In talking about changing the way we power our homes and businesses, President Bush discussed our use of natural gas for electricity and the need to better use coal, nuclear power, solar and wind energy.
"NREL is doing a lot of important work on solar and wind technology," he said. "The vision for solar is one day each home becomes a little power unit unto itself, that photovoltaic processes will enable you to become a little power generator, and that if you generate more power than you use, you can feed it back into the grid."
The President continued with the possibility of the U.S. generating up to 20 percent of its electricity needs through wind technology, if it is developed further.
"What I'm talking about is a comprehensive strategy," he said. "In other words, we're not relying upon one aspect of renewable energy to help this country become less dependent.
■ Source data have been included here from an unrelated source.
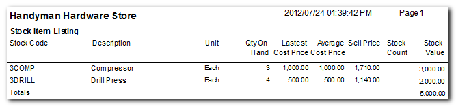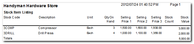 This report lists the accumulative quantities and stock values, as well as any latest and average cost prices and the selling prices for the Invoices, Credit notes, Purchase and Supplier returns documents which are updated to the ledger. You may also select to list the selling prices of a selected stock item, or a range of stock items (price list).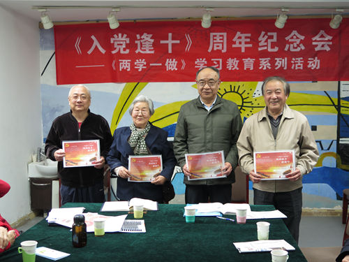 “入党逢十”周年纪念活动是支部近年来一项经常性的党性教育活动,支部已经连续三年开展该项活动,使其成为激发党支部活力、加强党性锻炼的良好平台和载体。今年恰逢支部五位党员分别入党40、30、20周年,五位党员在支部会上分别发言,谈了他们在党的哺育下的成长经历,表示要离职不离党,退休不退色,永远跟党走。老党员们深情的发言,充分表现了他们爱党爱国的情怀。支部给大家颁发了纪念证书,祝贺他们的政治生日,并勉励他们继续进步。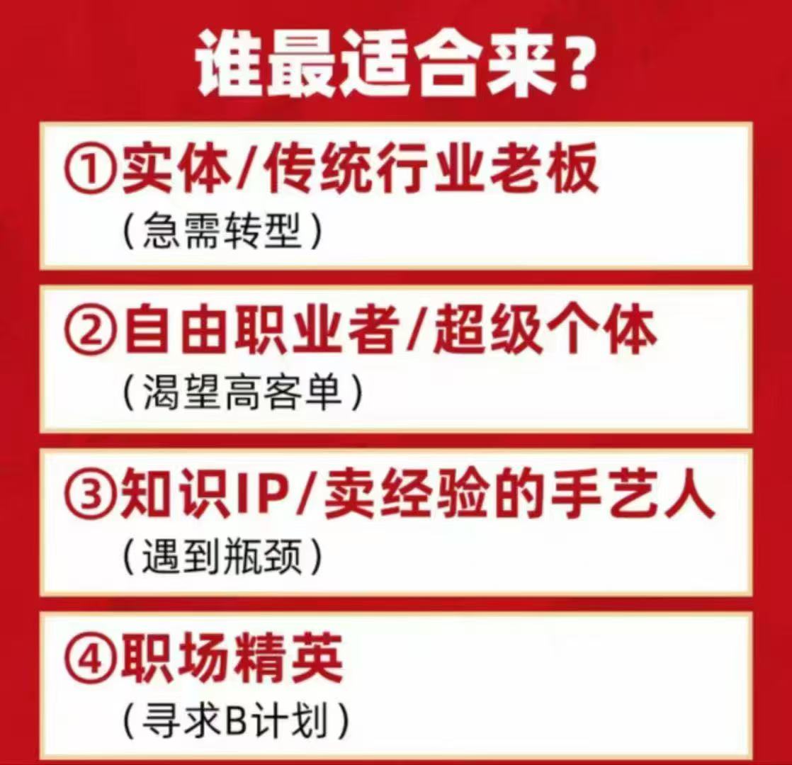 实体/传统行业老板(急需转型)、自由职业者/超级个体(渴望高客单)、知识IP/手艺人(遇到瓶颈)、职场精英(寻求B计划) ,想抓住知识付费风口、搞钱的别错过!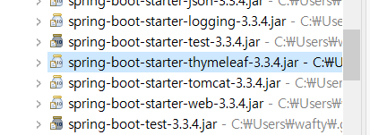 - 스크롤 내려보면 spring-boot-starter-thymeleaf-3.3.4.jar 가 있으면 설치 된 거다.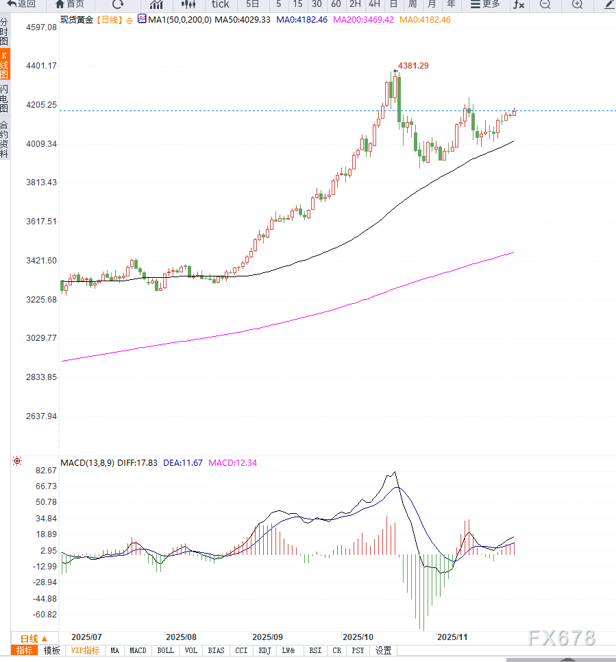整体来看,黄金技术结构偏多,但能否突破4200美元仍是决定后续趋势方向的核心关键。
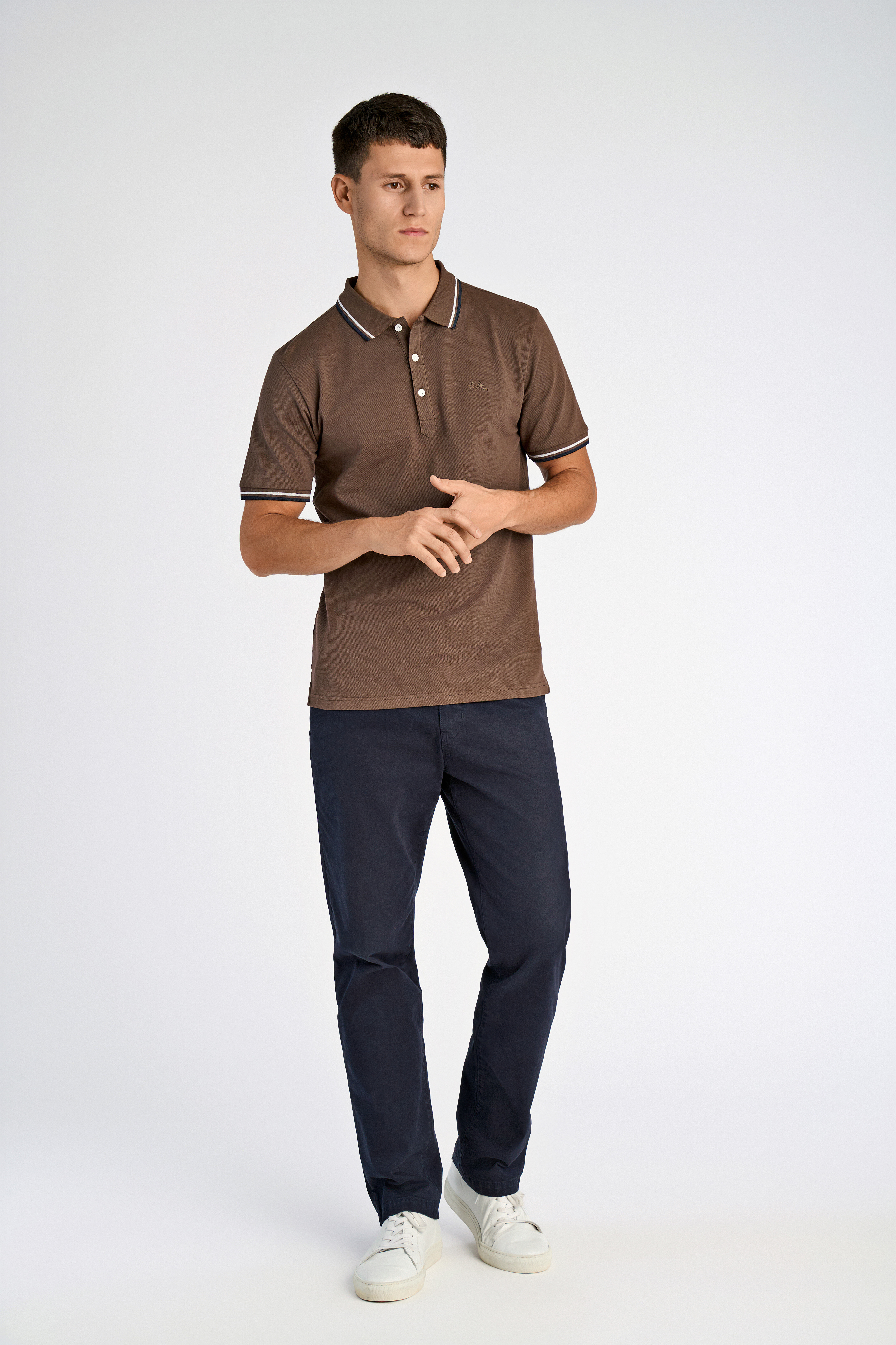 Contrast Piping Poloshirt, Dk Brown, M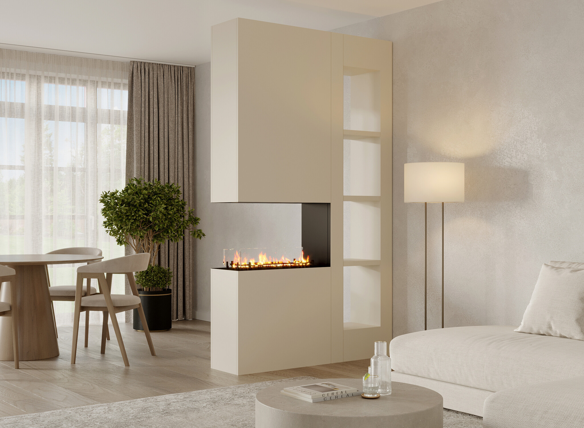 Nova is een stijlvolle roomdivider die ruimtes verdeelt zonder ze volledig af te sluiten. De kracht zit in de balans tussen het brede panoramische vuurzicht en de open niskast die ruimte biedt voor persoonlijke accenten. Dit meubel is ideaal voor wie sfeer, opbergruimte en openheid wil combineren in één strak vormgegeven geheel.
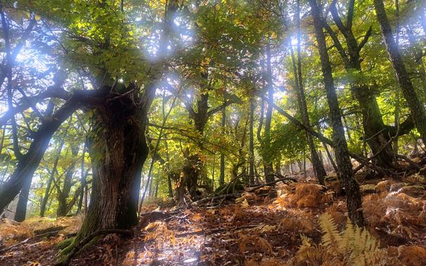 Brillos de una mañana de Otoño, por el castañar de la garganta de Majalobos.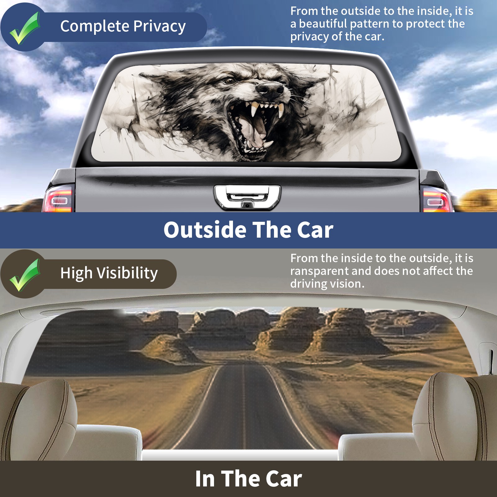 • <b>One-Way Light Transmission Window Film Protect Your Privacy While Allowing You To Enjoy The Scenery Outside Your Window!</b> <br> <b>●Decals Instructions Usage--Teach You To Use Quickly</b> <br> 1.Clean the window galss thoroughly <br> 2.Use a Squeegee or other card to scrape off the remaining water and bumps(don't use too much force) <br> 3.Remove the film's back cover .Use a knife to cut out a suitable contour and wipe off the remaining water(you can also use a hair dryer to blow dry) <br> 4.Find a suitable location and stick a sticker <br> <b>●Unique Design</b> <br> ZXIVGOQFR Back window stickers ‘s smart looking and unique cute design makes your vehicle special under sunshine. Makes your car easy to identify, perfect for finding your car in crowded parking lots and garages.funny visor reflects personality and attitude. <br> <b>●Perfect Gift for all Drivers<br></b> We create all the gifts and accessories you only need to choose what you like. Get full tailgate wraps, rear window decals, and everything you need to make your pickup truck look awesome. <br> <b>Decorate Your Pickup Truck With Rear Window Decal Today!</b>

We're talking about a variety of fronts."
More than 200 NREL employees and guests attended the hour-long panel discussion in the converted Shipping and Receiving Facility that had been set up as an auditorium. Several of the employees who helped prepare for the President's visit were invited to sit in the front rows. Each of NREL's centers and offices were represented by a portion of staff members.
"I want to thank the staff for hosting us," the President said. "It's a pain to host the President, and you've done a fine job."
Special guests included Colorado Governor Bill Owens, Colorado Lieutenant Governor Jane Norton, Sen. Ken Salazar (D-Colo.), Rep. Mark Udall, (D-Colo.), Rep. Bob Beauprez (R-Colo.), Golden, Colorado Mayor Charles Baroch, and Lakewood, Colorado Mayor Steve Burkholder.